Wrong - that son of a bitch! First it starts with some family who has had everything go wrong but their dog being killed by a random act of violence. I mean, these people have diseases, missing parents, arms and legs that don't work - you name it, they've got it wrong with them. So you meet the family (that is close to death, had a death in the family, smells like death or just love one another to death) through a video at the start of the show. Now all the carpenters and designers are already a mess in their RV watching the video. They're crying their Max Factor off and checking to make sure that their key light is hitting them right all at the same time. They're crying so of course, I'm crying. Then you actually meet the family and as they come out of their hovel (soon to be a mansion that they won't even be able to afford the upkeep on the asinine foutain with the fish in it that the designers call a "water feature" in the backyard next to the cabana and Olympic sized pool) the family is crying, designers and carpenters crying and I'm crying again. There's more crying on the damn show than there is on a Spanish Novella on Telemundo! (At least on a Novella, I don't know what they're saying so it makes me a little less likely to cry.) The family goes on vacation while the designers preen for the camera and give you several angles to watch them cry in good light and every room of the house during the hour long show. I don't know how anything gets measured straight for all the crying. There's so much God damned crying that you need a gallon of water to replenish yourself from the dehydration!! So, I was in - it's on Tivo and I'm watching it every week and Michael is shaking his head at me every week.
And then they do it - they make the show two hours instead of one hour. That was it! I had to draw the line - two hours of women crying, men crying, babies crying, animals crying and me crying - it's enough already. It had finally gotten to the point of being cheap sentiment - they film, edit and re-edit the show with one purpose in mind, a weekly cryapalooza!!
I don't care that Jimmy's going to finally be able to work out in his new endless pool after his debilitating injury from serving in the war while feeding people at a homeless shelter in Iraq and giving mouth to mouth to several stray dogs. I appreciate people wanting to help people, what I do not appreciate is Ty Fucking Pennington in his fucked up (even though a stylist spent 14 hours making sure it looked messy but not a mess) hair and his band of merry mashuggahs that have to prick themselves with a pin to cry at this point, exploiting the situation.
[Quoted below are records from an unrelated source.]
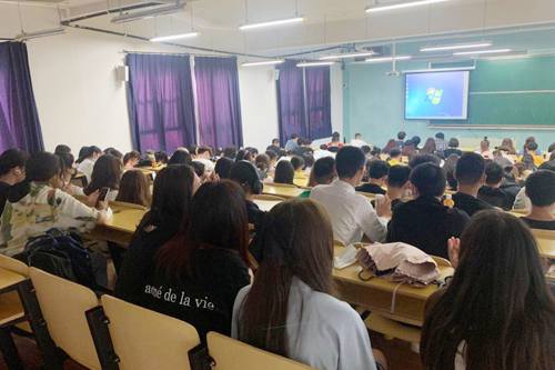 魏薇老师从专业课考核评估、考勤、考风考纪三个方面向新生介绍学校规章制度。辅导员张鉴老师宣读新生手册向新生补充了规章制度。
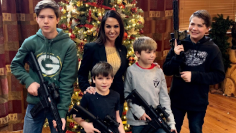 The logical person inside me wonder where these families get these weapons. BoBo’s got several thousands of dollars of props there (assuming they are real). And they all look like AR-15 variants, so it’s really a waste of money to buy four of the same (unless you’re planning on going into combat, or are forming your own A-Team. Da duh dunt dah!). Same with the OK guy.
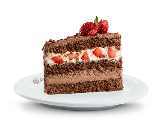 Bolo de massa integral sabor chocolate, recheios de mousse de chocolate e mousse branca zero adição de açúcar com morangos, cobertura de mousse de chocolate, geleia de morango zero adição de açúcar
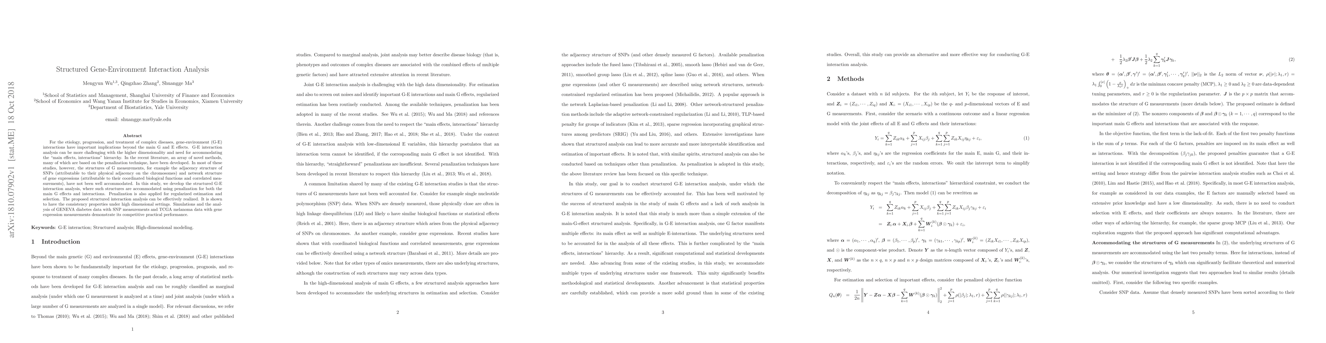 This paper develops a structured gene-environment interaction analysis method that accommodates the inherent structures in genetic measurements, such as SNP adjacency and gene expression networks, using penalization techniques for both main effects and interactions. The method demonstrates competitive performance in simulations and real data analyses.

Oh they help the people but only if the people who can barely stand are standing on the right side of them so Ty can look his best on camera. I've become almost numb to human suffering at the hands of the cast, director and editors of this show and so they've been removed from my Sunday night line up on my Tivo.
And let me just say tear ducts will be a little drier this season...I detest cheap sentiment and Ty and his gang are as cheap as they come - Don't Get Me Started!!